The NYT reporter probably has no idea that 3 Chinese chatbots are only a few months away. Also, China and US' AI R&D is engaged in a long-term competition, a few months ahead is only a temporary achievement.
You seem to be operating under a misconception. There is a competition in speed of computing; there is no competition in artificial intelligence.
The fundamental, immutable law of AI is that models get smarter with more data. If you want your AI to spew profanity and peddle bullsh*t, you feed it data from the internet cesspool made up of 90% fake news. But if you want your AI to do something useful in the physical world, you give it data collected from the physical world.

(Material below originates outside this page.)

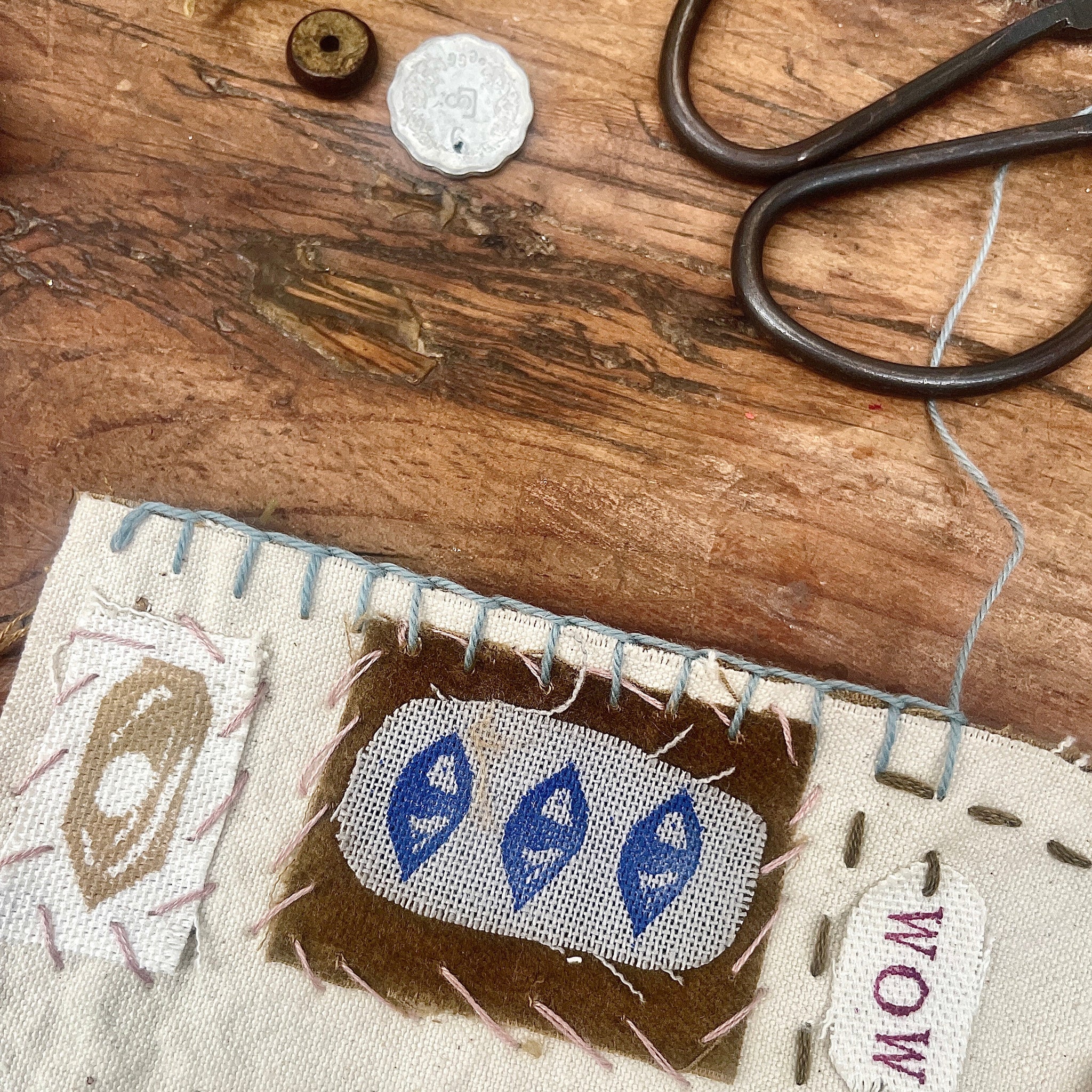 Skills Covered: You will learn about printmaking onto fabric, simple sewing techniques, and combining found objects, fabrics, and textures into a cohesive design

This is why Internet of Things is, in fact, the true measure of AI development. IoT is the giving of physical objects digital footprints so they generate (quantity) and interconnect (quality) data. From that understanding, you can then extrapolate that artificial intelligence is not tied to software development at all, but rather hardware development: whoever can produce and connect the most IoT devices to attain valuable real life data.
When I frame the AI "race" in terms of production and structural implementation, who is leading becomes obvious. Making a neural network that analyzes daily consumption trends to optimize power grid operation for millions of people is useful. Making a chatbot that imitates redditors or used car salesmen is useful... for a nation of bellicose politicians.

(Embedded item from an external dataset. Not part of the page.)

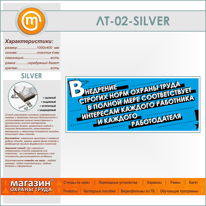 Лозунг «Внедрение строгих норм охраны труда...» (LT-02-SILVER) в Великом Новгороде купить
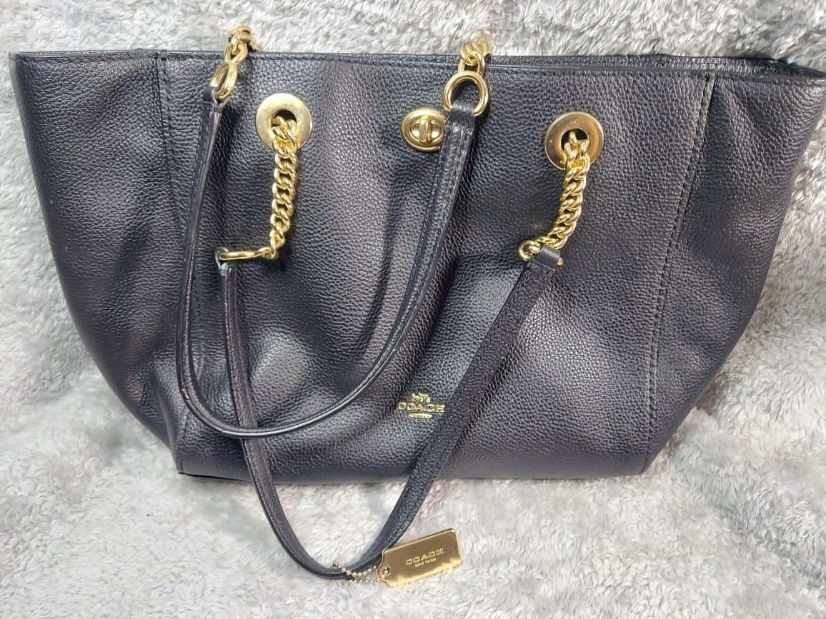 Coach Leather Turnlock Chain Black Tote Must Pick Up

This reminds me of 3D printing. Western countries declared it would make regular manufacturing obsolete, then proceeded to forget all about it a few years later. Meanwhile, China is using it to print jet engines.
Truly revolutionary technologies have no place in the West. After all, they do not really produce anything other than meaningless media, legal services and financial loopholes. For those, a 2D printer does just fine.